7 Ways To Prevent Workplace Injuries

Workplace injuries are an employer’s worst nightmare – and yet they’re more common than most people realise. In fact, over half a million workplace injuries are reported in the UK every year. By taking various workplace safety measures, you can help to reduce injuries at work. Below are 7 ways to prevent workplace injuries.

Conduct a health and safety workplace audit

A health and safety workplace audit involves taking time to examine every possible hazard within your workplace. You can then work out ways of mitigating each of these hazards, starting with the most serious hazards. You may be able to hire a health and safety inspector to carry out an audit for you. Alternatively, you and your employees can attempt to do it yourself – you may be able to find checklists online on everything to look out for.

Prioritise health and safety during training

A lot of employee injuries are the result of poor training. Make sure that you’re prioritising health and safety while training your staff. Try to enforce safe methods of doing things such as crouching down when lifting heavy objects, wearing protective equipment or making sure that someone is always holding a ladder at the bottom while someone else is using it. 

Use signs, labels and handbooks

On top of training employees thoroughly, it’s worth also displaying visual reminders such as signs and labels around your workplace to warn employees of hazards. You could also consider creating a handbook that employees can refer to for advice on how to carry out tasks safely. 

Provide adequate PPE

Personal protective equipment (PPE) needs to meet legal safety requirements. Make sure that such equipment is well maintained so that it is in good condition. It’s also important to make sure that PPE is well stocked up – if every employee needs a helmet and gloves, make sure that you’ve got enough for each employee plus spares in case equipment goes missing. 

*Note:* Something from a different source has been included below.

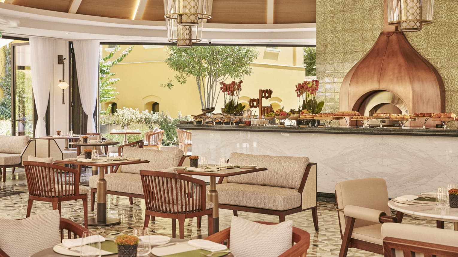 Four Seasons room (60 кв.м.): кровать king-size или twin, ванная комната, отделанная мрамором (ванна, душевая кабина, туалет), гостиная зона. Номера этой категории расположены с первого по третий этаж, в комнатах высокие потолки, окна номеров выходят на внутренний дворик и сад. Номера оформлены в мягких тонах, в турецком стиле.

Consider pre-employment medicals

When recruiting employees for certain roles, consider whether certain health requirements are necessary. Pre employment medicals could be worth carrying out to make sure applicants are fit to carry out certain tasks. You don’t want to risk hiring people with existing health problems who may be more prone to injuries.

Service and maintain machinery

It’s important that machinery is safe to use. Poorly maintained machinery may put employees at greater risk of an injury – this could include anything from power tools to company vehicles. Put a maintenance schedule in place which involves checking machinery for any hazardous faults.

Reduce workplace clutter

Clutter can increase the risk of various injuries. The most common injury caused by clutter is slips and falls. Make sure that boxes and cables are tidied away so that employees don’t trip over them – try to keep walkways as clear as possible. You should also take care when stacking stock cupboard shelves – make sure heavy objects aren’t placed high up where they could fall and hurt people or cause strain injuries.